**Work required:** After locating the line with "Rektorin Seidler (TU" in the entries below, output it and each following line up to and including the line with "6686体育讯 2月15日,记者从昆明市", exactly and without pictures.

**Material shown:**
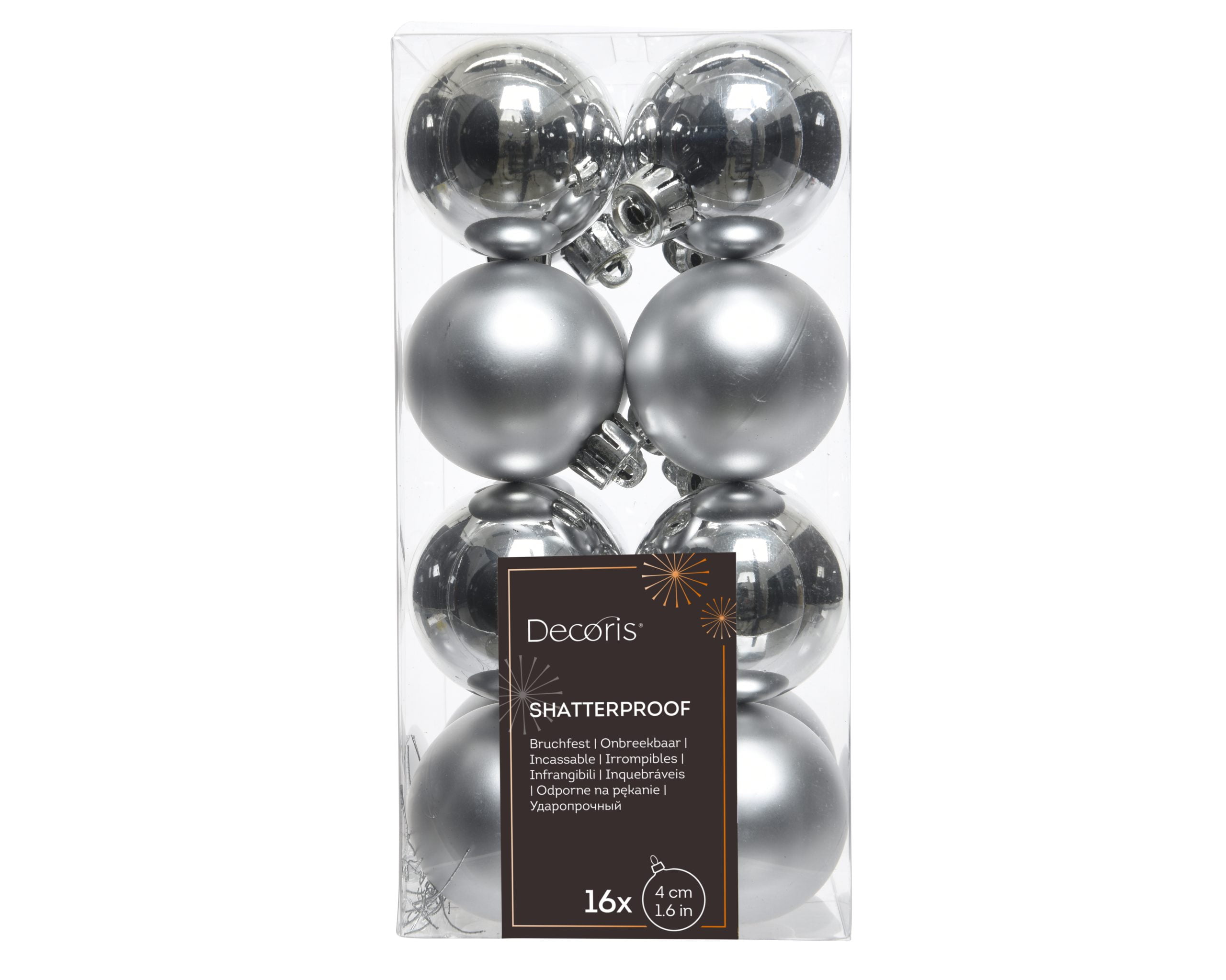 Denne pakke plast julekuler inneholder i alt 16 stk. fordelt på 8 matte og 8 blanke julekuler i en flott sølvfarge.
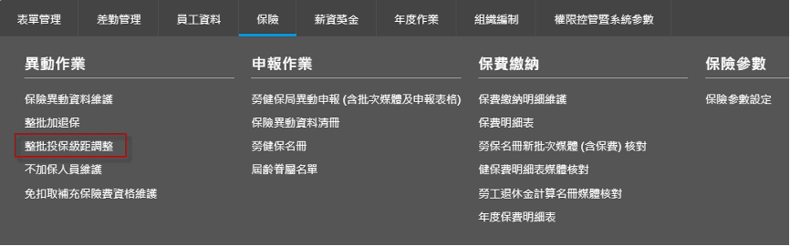點擊【保險>異動作業>整批投保級距調整】。
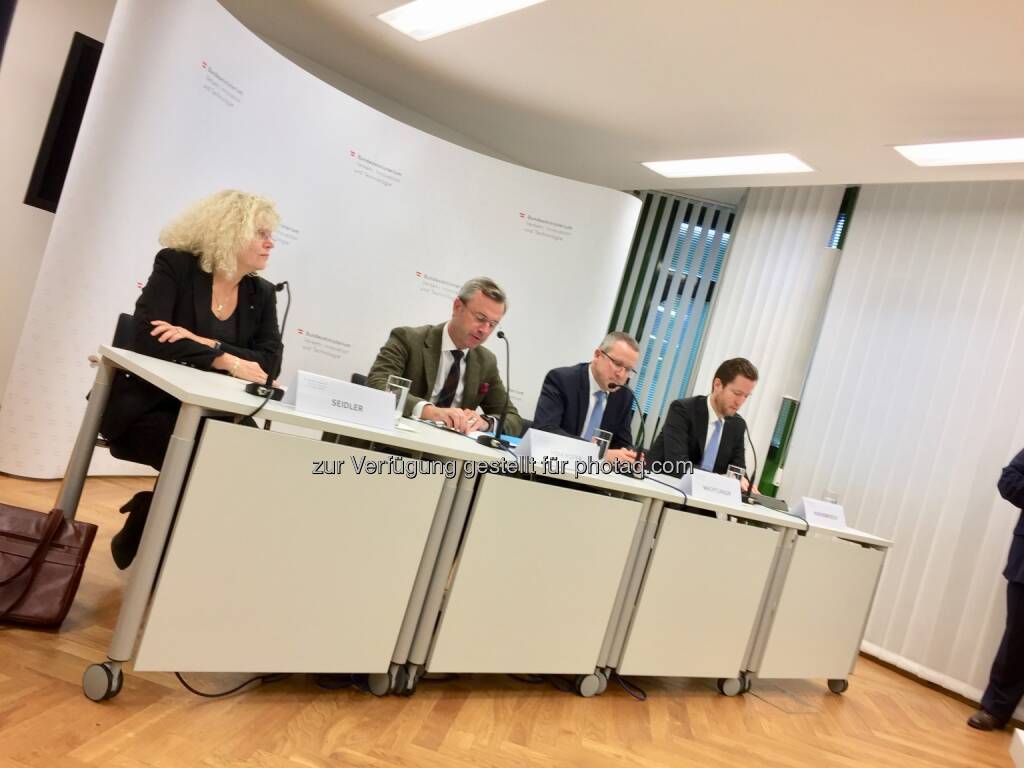 Rektorin Seidler (TU Wien), Minister Hofer (BM für Verkehr, Innovation und Technologie), CEO Machtlinger ( FACC) und CEO von Hoensbroech (Austrian Airlines), "Präsentation des Strategischen FTI-Beirats für den österreichischen Luftfahrtsektor" 11.12.18 (11.12.2018)
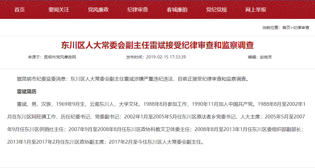 6686体育讯 2月15日,记者从昆明市纪委监委网站获悉,东川区人大常委会副主任雷斌涉嫌严重违纪违法,目前正接受纪律审查和监察调查。
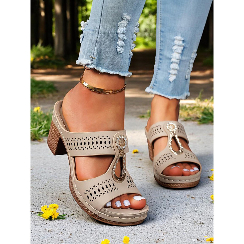 Women's Chunky Heel Mule Sandals – Hollow-Out Rhinestone Design, Retro Buckle Decor, Comfortable Sole, for Outdoor Walks, Garden and Casual Summer Outfits
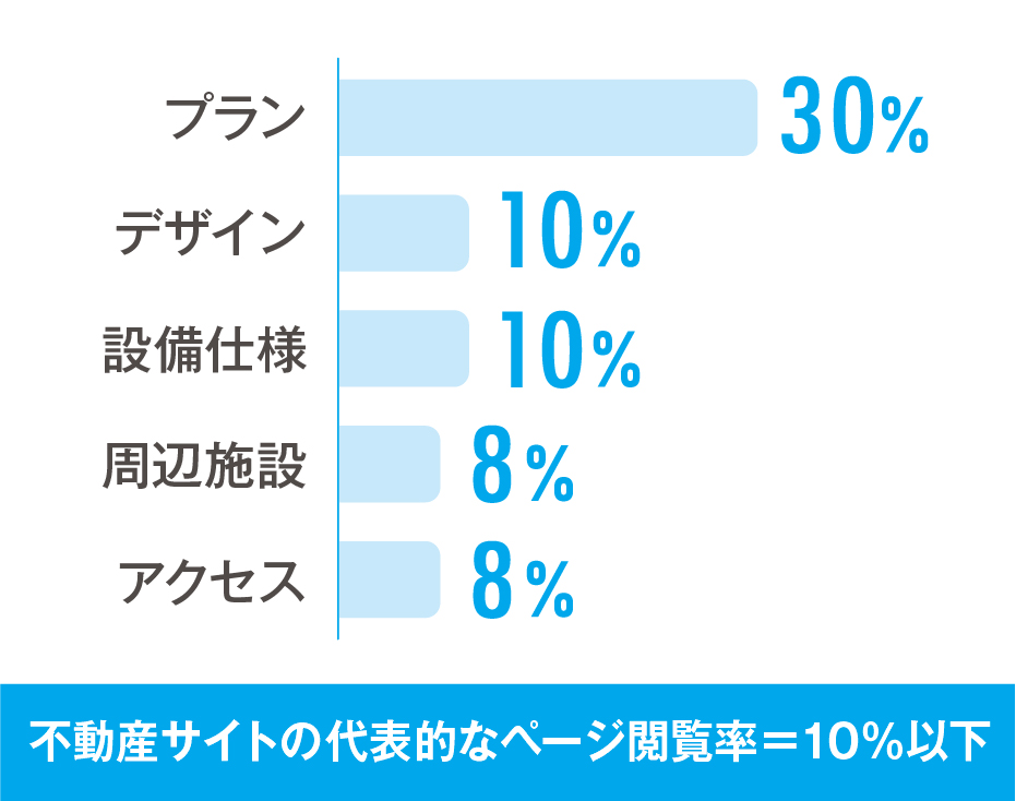 不動産サイトの代表的なページも訪れた人のうちプランページは30%程度、
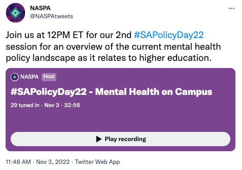 This session provides an overview of the current mental health policy landscape as it relates to higher education, and then dive deeper into access concerns and some of the non-clinical and clinical interventions available on campus. The session will discuss advocacy options and will hold time to answer questions submitted through the Twitter thread connected to the Space.
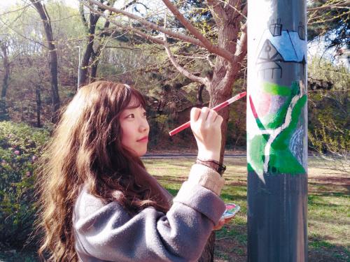 4月23日,沈陽晚報、沈陽網(wǎng)記者恰好在沈陽農(nóng)業(yè)大學(xué)的校園內(nèi)遇見了正在創(chuàng)作的年輕“藝術(shù)家們”。只見三四名大學(xué)生帶著顏料、工具,來到了現(xiàn)場。在各自選定了一個路燈桿后,一邊圍著路燈桿轉(zhuǎn)圈,一邊不斷拿著畫筆比比劃劃。“我是第一次畫,之前在平面上畫畫,現(xiàn)在路燈桿是立體的圓柱形,跟想象的還是有些差距的。”一名準(zhǔn)備作畫的男生說到,看著他皺著眉頭認真構(gòu)思的模樣,還真的有幾分大藝術(shù)家的風(fēng)范。
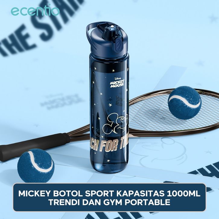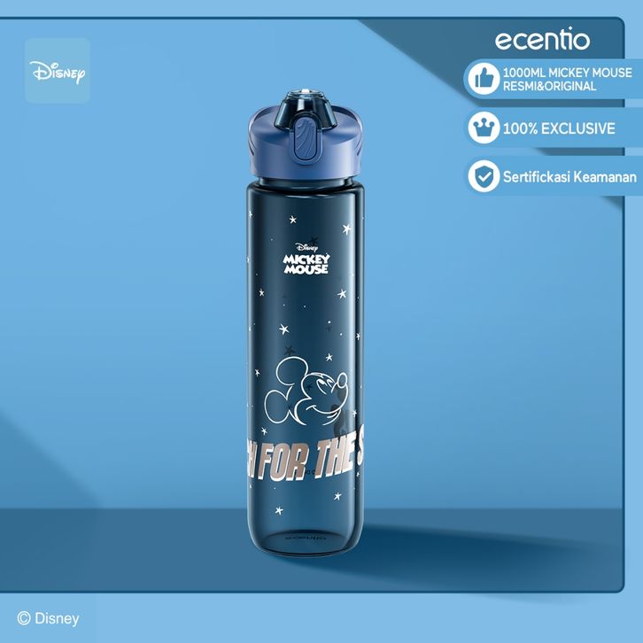 ecentio Botol Minum 1 Liter Disney Mickey Botol Air Anak 1000 mili Botol Olahraga Kantor Sekolah Portable Serbaguna RES
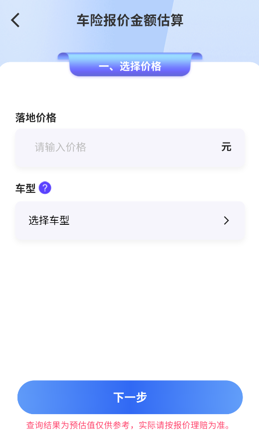 1、启动后,进入“车险计算”专区,选择对应服务(新车/续保/理赔估算)。
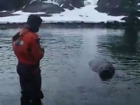 British researchers, doing an exploration in Antarctica, surprise a huge elephant seal who made his way onto one of their small boats.
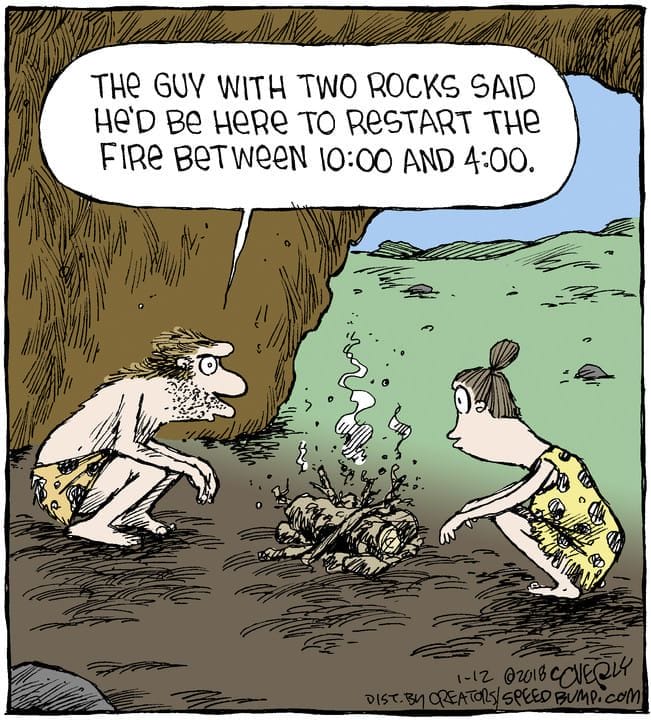 “Looks like Sits-Near-Fire butt-signaled again.” Primitive communication has never looked so awkward. Coverly takes us way back to the Stone Age with tech-age humor. Smoke signals meet autocorrect.
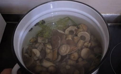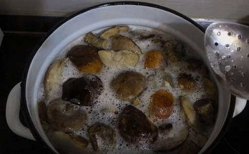 - Daarna wassen we de champignons grondig en koken ze 10 minuten in een liter gezouten water.Het is onwenselijk om boletus boletus te verteren, zodat ze niet verzuren. Gooi de gekookte champignons in een vergiet en spoel ze af met stromend water.
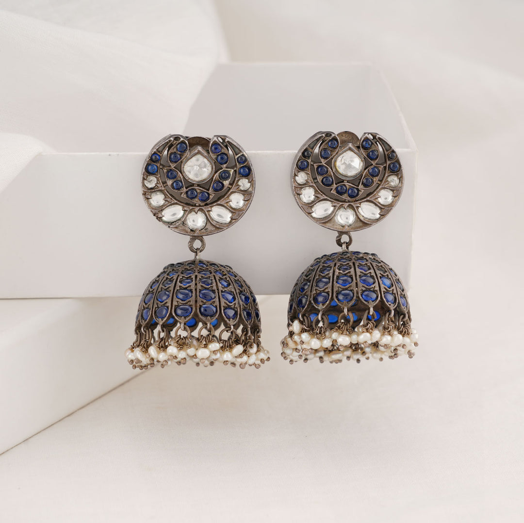 92.5 silver, Oxidised Earrings studded with semi-precious stones.
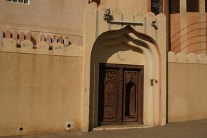 Obwohl es im Oman eigentlich kein Holz gibt sind sehr viele alte Häuser für ihre prächtig geschnitzten Holztüren berühmt. Oft in den kleinen Oasendörfern, wo die Lehmhäuser völlig unscheinbar aussehen, gibt's dann diese tollen Türen. Anscheinend wurden sie schon vor Jahrhunderten mit Schiffen aus Sansibar oder anderen Ländern eingeführt und dann auf Karawanen bis in die Wüste gebracht.
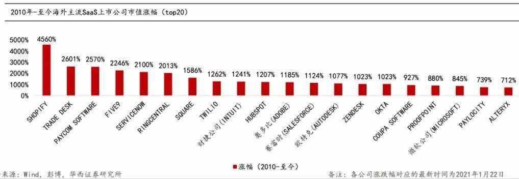 而美股对SaaS企业估值倍数之所以高,则在于美股SaaS企业给投资者带来的高回报。据统计,44家SaaS公司从2010-至今的美股上市公司涨幅,39家上涨,15家企业10年涨幅超过10倍。
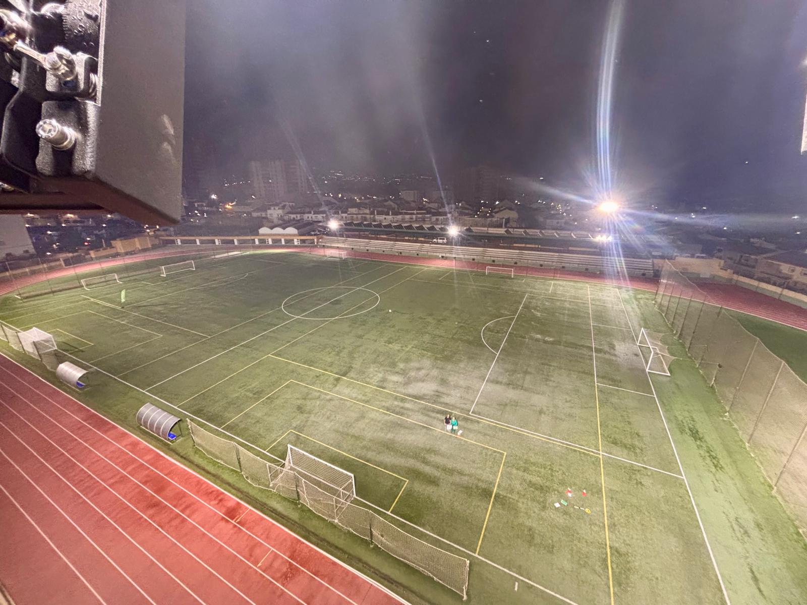 5/9/2025 – El Ayuntamiento de Fuengirola ha renovado con iluminación led el campo de fútbol ‘Jesús Gámez’, así como la pista de atletismo que lo circunda en el Complejo Deportivo Elola. Así lo ha anunciado esta mañana el concejal de Deportes, Julio Rodríguez, quien ha explicado que la instalación de las nuevas luminarias ya ha finalizado y ahora se están realizando trabajos de orientación de los proyectores, para garantizar que la luz cubra todas las zonas del campo de forma homogénea.

**Response area:**
 Rektorin Seidler (TU Wien), Minister Hofer (BM für Verkehr, Innovation und Technologie), CEO Machtlinger ( FACC) und CEO von Hoensbroech (Austrian Airlines), "Präsentation des Strategischen FTI-Beirats für den österreichischen Luftfahrtsektor" 11.12.18 (11.12.2018)
 6686体育讯 2月15日,记者从昆明市纪委监委网站获悉,东川区人大常委会副主任雷斌涉嫌严重违纪违法,目前正接受纪律审查和监察调查。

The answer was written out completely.